Thanks Lin I thought Chubb rang a bell

Now that just leaves 16 more :roll: to find who they are

Mr I Thomas
Mr K. Berwick
Mr R Merrett
Mr M Tomblin
Mr K Broadbent
Mr M Exton
Mr P Walton
Karren & Tony King
Mr G. Butler
A.Quinney
Mr M Vickers
Mr D Hall
Mr R Williams
Mrs. J Habdon
Mr Schulz
Ruth & Paul I'Bell

Jacquie


----------



## LadyJ (May 9, 2005)

If any of the above folks are *not* members of MHF then they will not be allowed to camp in our area as you will not be covered by our insurance.

Those that *are* members and have not added they name to our rally list will also not be camping with us as we do have to have all your details listed on our list for you to be covered by our insurance, so if you are a member please add yourself to the rally list pdq. Thanks

Romsey Rally

Jacquie


----------



## Appletreex (Nov 30, 2010)

*Motorhome Facts Rally at Broadlands House. Romsey*

Come on everyone. This is a great show in a beautiful setting and only a really short walk into Romsey. This is the third year and has become quite a large event. We have a large number of motorhomes on display and you will not be disappointed with the show.

John from Appletree (who run the show)


----------



## LadyJ (May 9, 2005)

Hi All

As John from Appletree says it really is a nice place to rally.

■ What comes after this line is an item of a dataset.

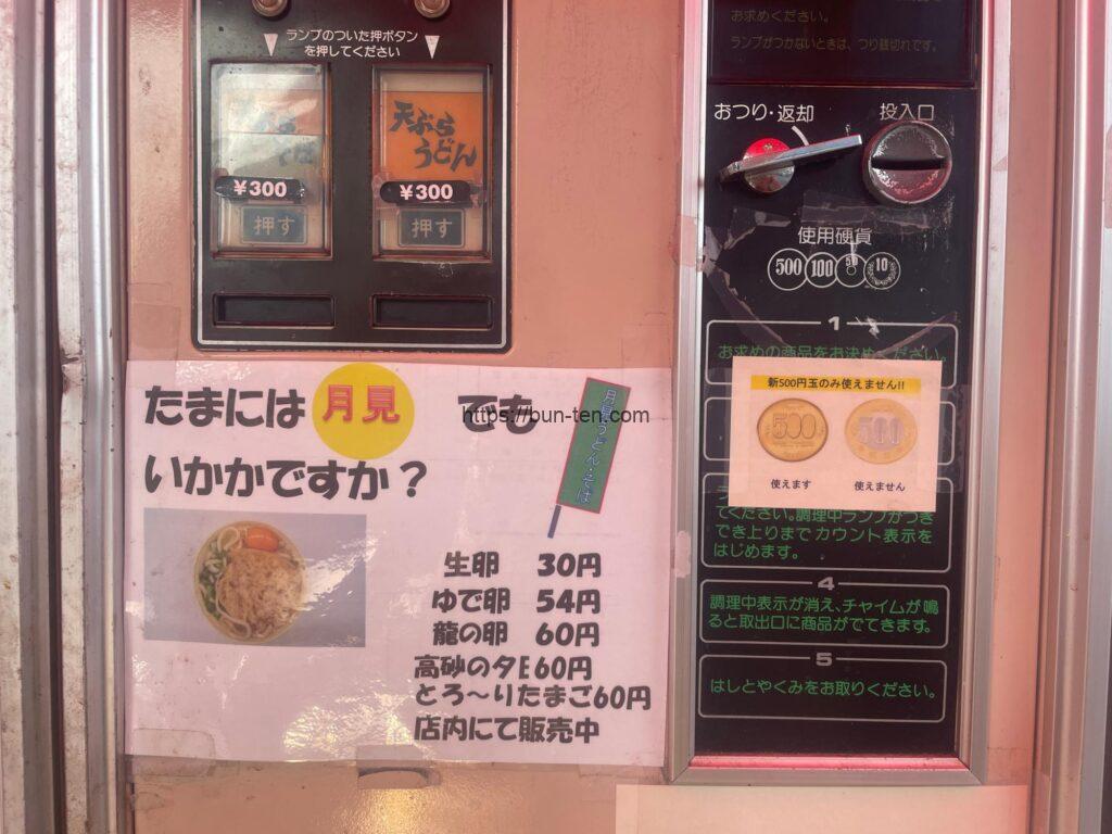 今回は、生卵「高砂の夕日」(1個60円)を購入。(卵はそのまま手渡しされるので、麺に入れる前に割ってしまわないようにご注意を!) そして300円を投入し、25秒待ちます。

We have a change of marshal you now have Brillopad in charge at Romesy Dennis & Brenda  so be prepared for fun and games lol

The cost is only £10 per night for MHF Members if pre booked with Appletree. When booking please give Appletree you user name on here.

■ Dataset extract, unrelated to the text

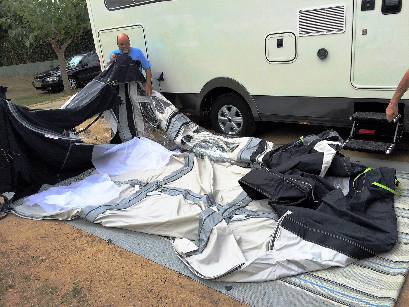 Wir holen unser Luftzelt «the monster» bei Alan und Carol ab. Wir sind wirklich dankbar, dass sie das von England bis hierher mitgenommen haben. Später am Nachmittag, sind wir bei Brunhild zu ihrer Geburtstagsfeier eingeladen. Monika testet den Backofen und es klappt, es gibt einen leckeren Apfelkuchen. Später gehen wir am Strand spazieren wo wir einen Regenbogen bewundern können.Donnerstag, 15.09.2016 Salou, Aufbau des Luftzeltes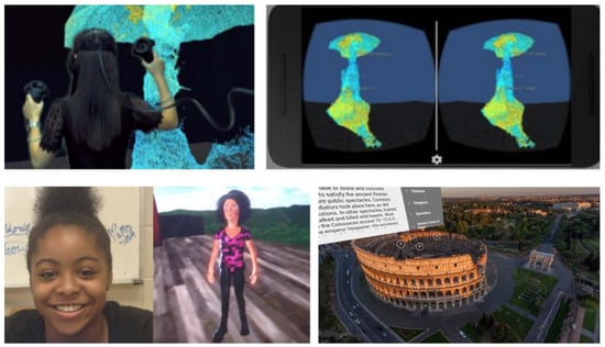 VR may serve as a low-cost, easy-to-use user-friendly tool and resource [104,105,106,107]. There are a number of engaging projects that can be used in the classroom [108]. A great example is Google Expeditions, which allows the teacher to take an entire class on virtual trip. The application recreates an immersive experience of a real-world with 360-degree videos shot of different locations such as an underwater exploration of a coral reef in the South Pacific or the Louvre museum in Paris using Google Street View technology [109]. VEnvI (Virtual Environment Interactions) [110] is a visual programming tool that combines dance, computational thinking and embodied interaction. The system was created for high school girls to increase the appliance of STEM fields. The application of VEnvI and the immersive, first-person interaction were carried out as an activity of a summer camp for middle school girls. The participants of the program (54 girls between the ages of 11 through 14) had to use computer science and programming concepts to program dance moves for avatars. With the help of Oculus Rift HMD, the participants had the opportunity to be present with the virtual character they are programming, have a first-person perspective of the choreographed performance, make changes and correct mistakes. Some of such use cases are shown in Figure 5.

At the moment we only have 4 attendees that have booked  so could a few more of you get yourselves on the rally listy please.

Booking closes for this on 1st April so you still have a week in which to book.


Jacquie


----------



## veron (Apr 18, 2010)

I've reserved a place with MHF. Opened PDF booking form, but don't seem to be able to complete it online. So not sure how to attach form to email if I can't fill it in on the computer. Presumably, have to print hard copy and then post it to Appletree. Not currently linked to my printer, so will have to wait till next week, as I'm going away for a few days. Form doesn't seem to be computer user-friendly, but looking forward to coming to Romsey.

Veronica + dogs


----------



## Appletreex (Nov 30, 2010)

*Broadlands*

Hi

You can phone the booking in on 01395 277002

John


----------



## LadyJ (May 9, 2005)

veron said:


> I've reserved a place with MHF. Opened PDF booking form, but don't seem to be able to complete it online. So not sure how to attach form to email if I can't fill it in on the computer. Presumably, have to print hard copy and then post it to Appletree. Not currently linked to my printer, so will have to wait till next week, as I'm going away for a few days. Form doesn't seem to be computer user-friendly, but looking forward to coming to Romsey.
> 
> Veronica + dogs


Hi Veronica

Just phone to book say you want to camp with Motorhomefacts and give them your user name on here along with your full name

Jacquie


----------



## brillopad (Mar 4, 2008)

Hi all, only two weeks to the broadlands show and there are 5 people still not confirmed so please get your names down and join us at romsey for a good show.

Dennis


----------



## LadyJ (May 9, 2005)

Oh I see we have another joining us at Romsey well done macd have you booked?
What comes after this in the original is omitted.